Every line below must come back exactly as it stands, with the images omitted.

◆ Provided data ◆
★ ★ ★
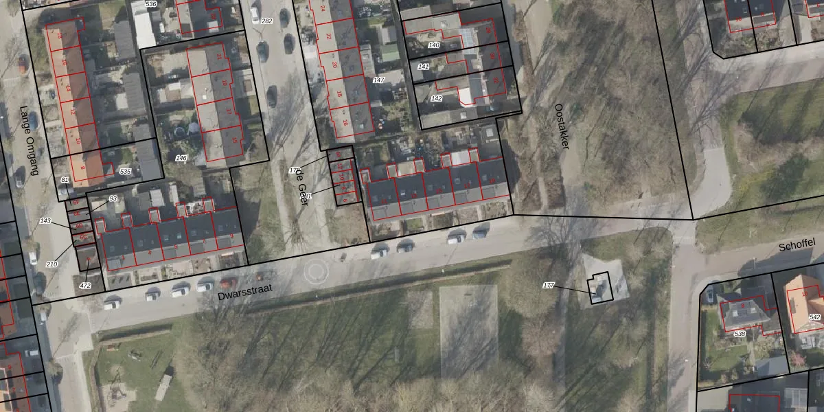 Het perceel waarop Dwarsstraat 13 staat heeft een oppervlakte van 1994 m². Dit is een zeer groot perceel. De perceeloppervlakte wordt geregistreerd door het Kadaster. Gedetailleerde informatie over de maten van dit perceel kunt u vinden in het rapport Kadastrale kaart met maatvoering van Dwarsstraat 13.
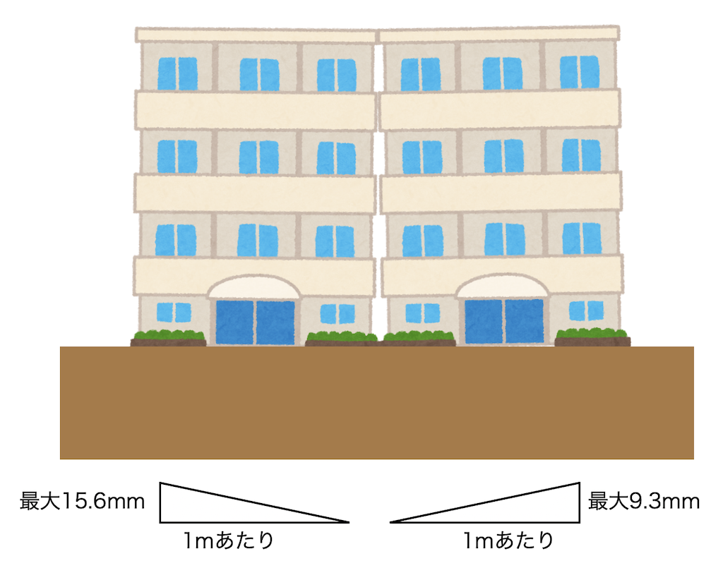 建物の構造計算をする際に、建物の荷重は長期荷重と短期荷重の2種類に分けて考えます。長期荷重は建物そのもの重さに加えて、家具や住んでいる人の体重を加えたものになります。一方、短期荷重は地震の際に加わる力が加わったものです。今回の件は長期荷重だけでマンションが傾いているので、地震の際にはかなり危険な状態だと推測されます。
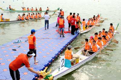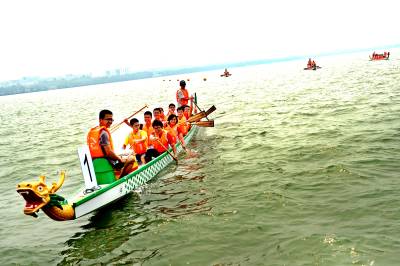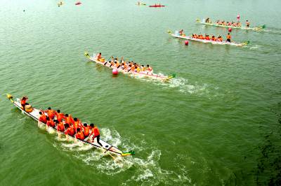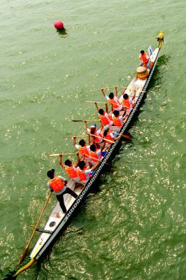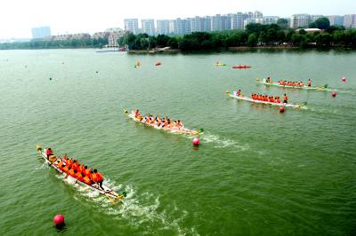 2014年6月7日,湖北经济学院汤逊湖水上运动教学基地,来自华中农业大学、武汉大学、华中科技大学和湖北经济学院等高校的参赛选手,在湖面挥桨摇舵、奋力进击,成为汤逊湖上的一道风景。
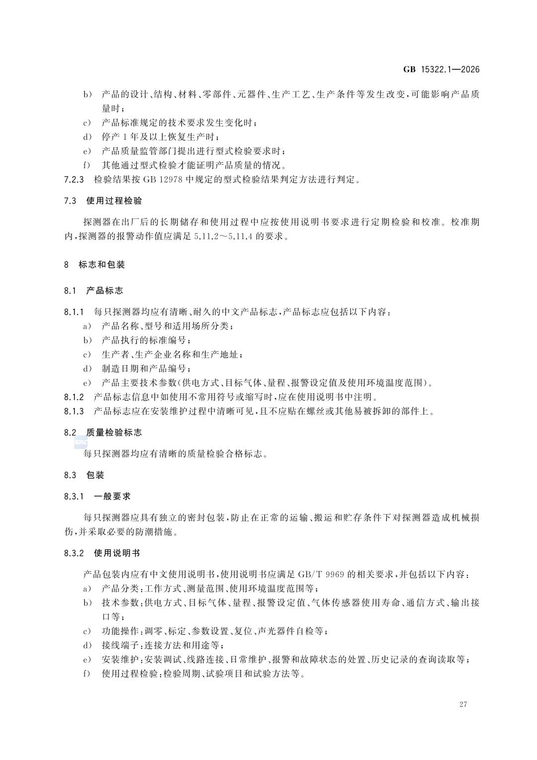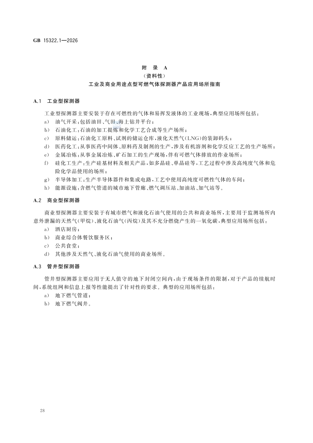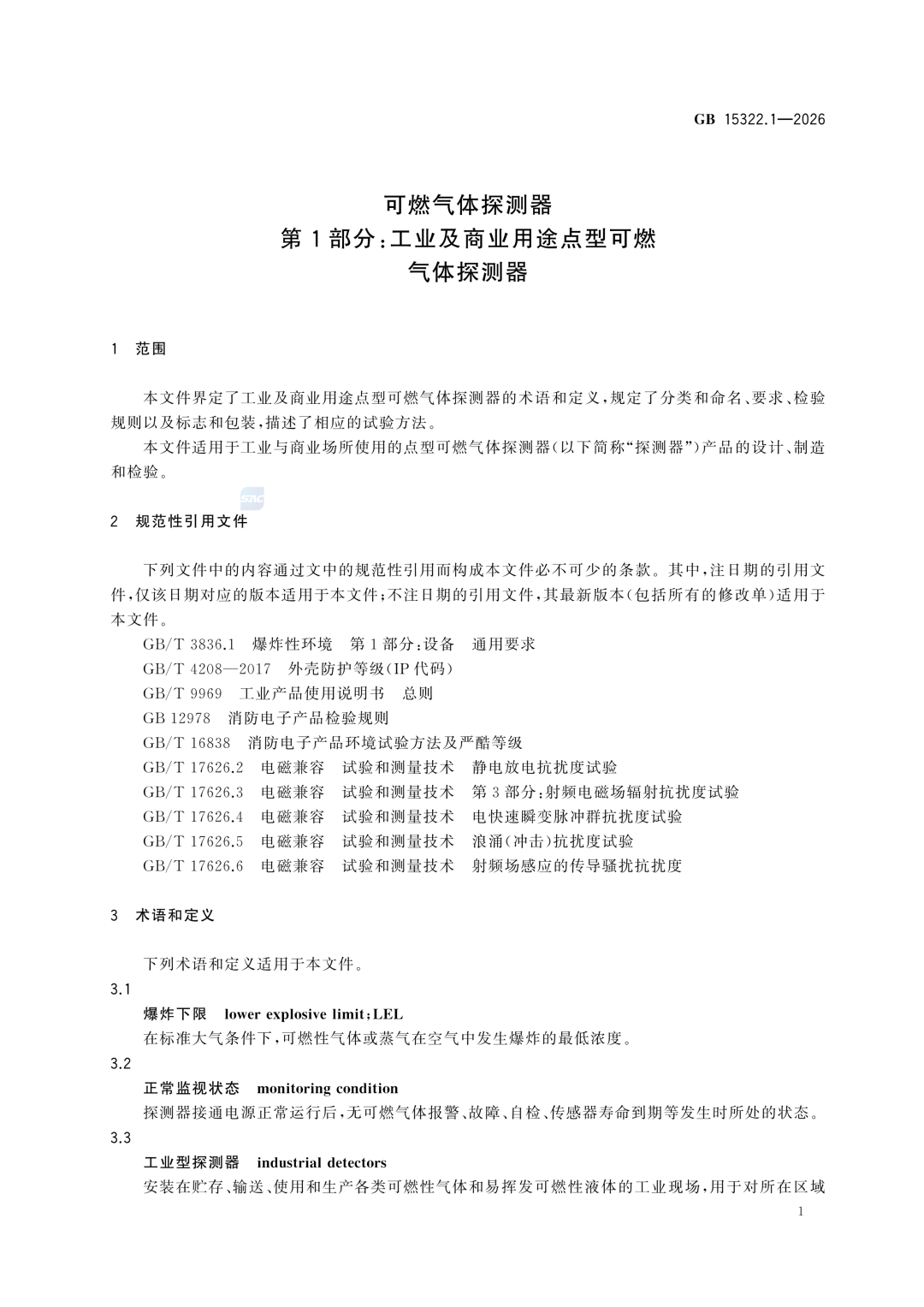 GB 15322.1-2026可燃气体探测器 第1部分:工业及商业用途点型可燃气体探测器
★ ★ ★
◆ Exercise solution ◆
 Het perceel waarop Dwarsstraat 13 staat heeft een oppervlakte van 1994 m². Dit is een zeer groot perceel. De perceeloppervlakte wordt geregistreerd door het Kadaster. Gedetailleerde informatie over de maten van dit perceel kunt u vinden in het rapport Kadastrale kaart met maatvoering van Dwarsstraat 13.
 建物の構造計算をする際に、建物の荷重は長期荷重と短期荷重の2種類に分けて考えます。長期荷重は建物そのもの重さに加えて、家具や住んでいる人の体重を加えたものになります。一方、短期荷重は地震の際に加わる力が加わったものです。今回の件は長期荷重だけでマンションが傾いているので、地震の際にはかなり危険な状態だと推測されます。
 2014年6月7日,湖北经济学院汤逊湖水上运动教学基地,来自华中农业大学、武汉大学、华中科技大学和湖北经济学院等高校的参赛选手,在湖面挥桨摇舵、奋力进击,成为汤逊湖上的一道风景。
 GB 15322.1-2026可燃气体探测器 第1部分:工业及商业用途点型可燃气体探测器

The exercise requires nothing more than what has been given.